First, does it actually catch anything?

I built a planted malicious package — a synthetic test fixture, never published to npm — that does exactly what a real install-time attack does. It adds a postinstall hook that reads the entire process environment, POSTs it to a remote server, then downloads a shell script and pipes it straight into sh. Credential exfiltration plus remote code execution, at install time.

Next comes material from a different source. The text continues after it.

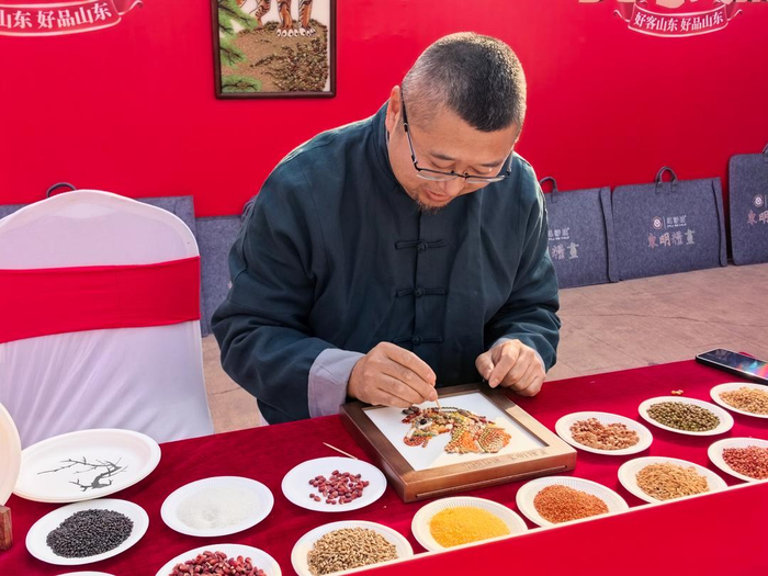 “东明粮画也叫‘福籽绘’,是黄河岸边土生土长的民间手艺。”韩国瑞介绍,粮画以书法、花鸟、吉祥图案为主要题材,选用天然杂粮,不染色、不加工,靠颗粒形态与色彩层次构图,造型生动、寓意吉祥,被称作“挂在墙上的精神食粮”。过去多是农家自娱自乐,如今走进大集、校园、文创市场,成了传播黄河文化、传递新春祝福的特色载体。“大集是非常好的传承舞台,老百姓喜欢、孩子愿意学,老手艺才能代代传下去。”韩国瑞说。

The reviewer was Gemma 4 12B — Google’s open-weights model (Apache 2.0, released June 2026, built to run locally) — served by llama.cpp on a Mac. No cloud call. The package code never left the machine. The verdict:

🛑 malicious · install-hook-rce · confidence 100% · 8.8s

“The package introduces a ‘postinstall’ script… It reads the entire process environment (including sensitive tokens and keys) and sends it to a remote server via a POST request… downloads a shell script… and executes it… classic patterns for credential exfiltration and remote code execution during the installation phase.” — the model’s own reasoning

Dashboard card: cool-logger 2.4.1 flagged malicious, install-hook-rce, 100% confidence, with a Report malware on npm button — The catch as it lands in the dashboard — cited line range, model reasoning, and a one-click **Report malware on npm** button.

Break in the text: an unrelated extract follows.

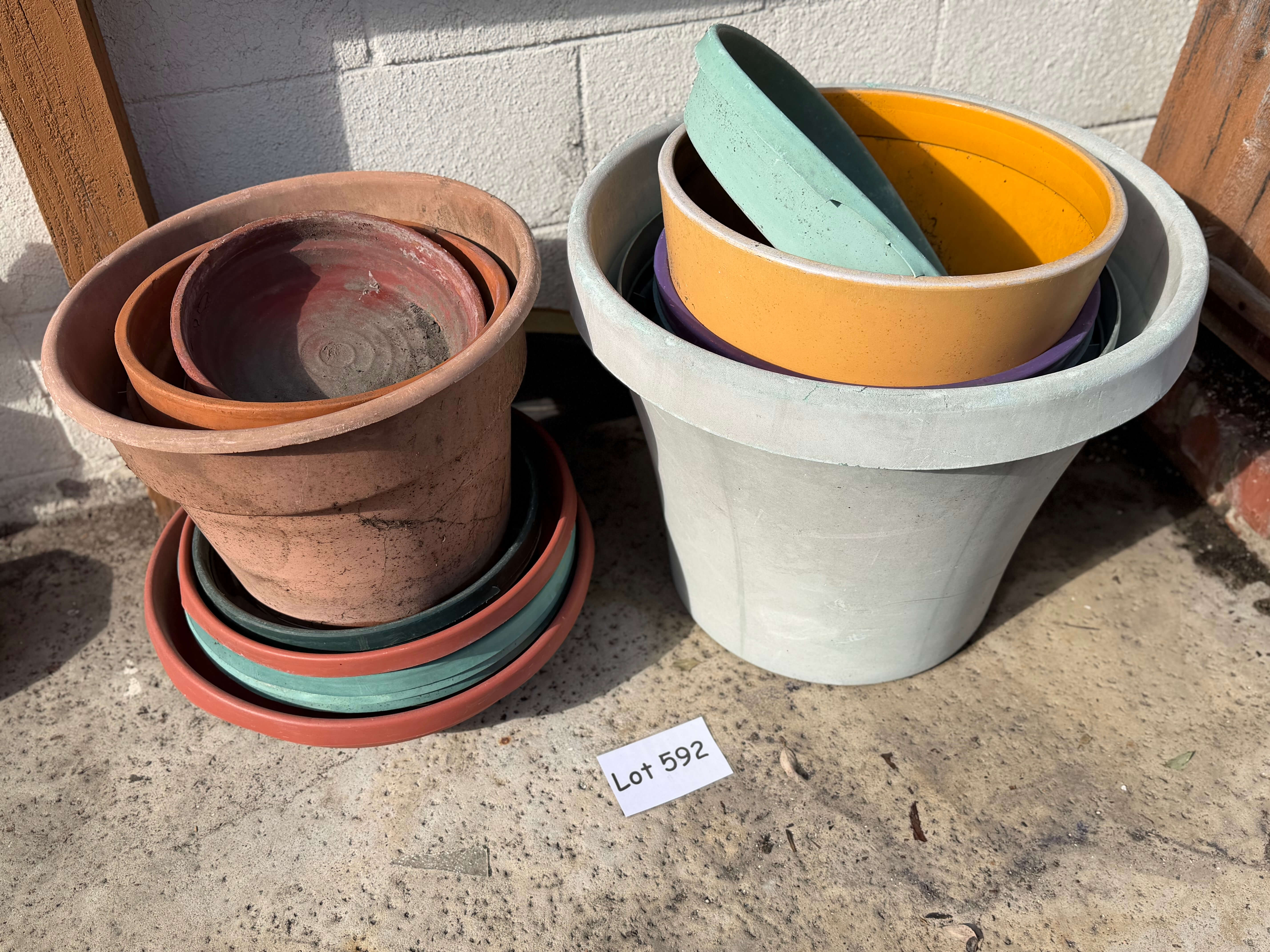 6 Plastic Plant Pots + Variety of plant saucers + 1 Terra Cotta Pot. Largest is 20" diameter x 17"h

And these ones weren’t hypothetical

A fixture proves the mechanism; real packages prove the point. Running the PyPI sibling, PyDiffWatch, against the live release firehose surfaced genuine bad releases — reported with the dashboard’s one-click button, and since removed from PyPI.

drydock-cli 2.9.32 was a brand-new package with no prior version, 7,000+ lines crammed into a single file, dense with obfuscation and fetch+exec / credential-plus-network primitives — a typosquat built to exfiltrate or run code on install. The rules engine scored it 16,400; a local Qwen reviewer read the diff and called it malicious at 95% confidence, citing the offending file by line range.

Dashboard card: drydock-cli 2.9.32 flagged malicious, typosquat, 95% confidence, triage 16400, with Report malware on PyPI button — A real PyPI release — flagged malicious by a local model, reported, and taken down.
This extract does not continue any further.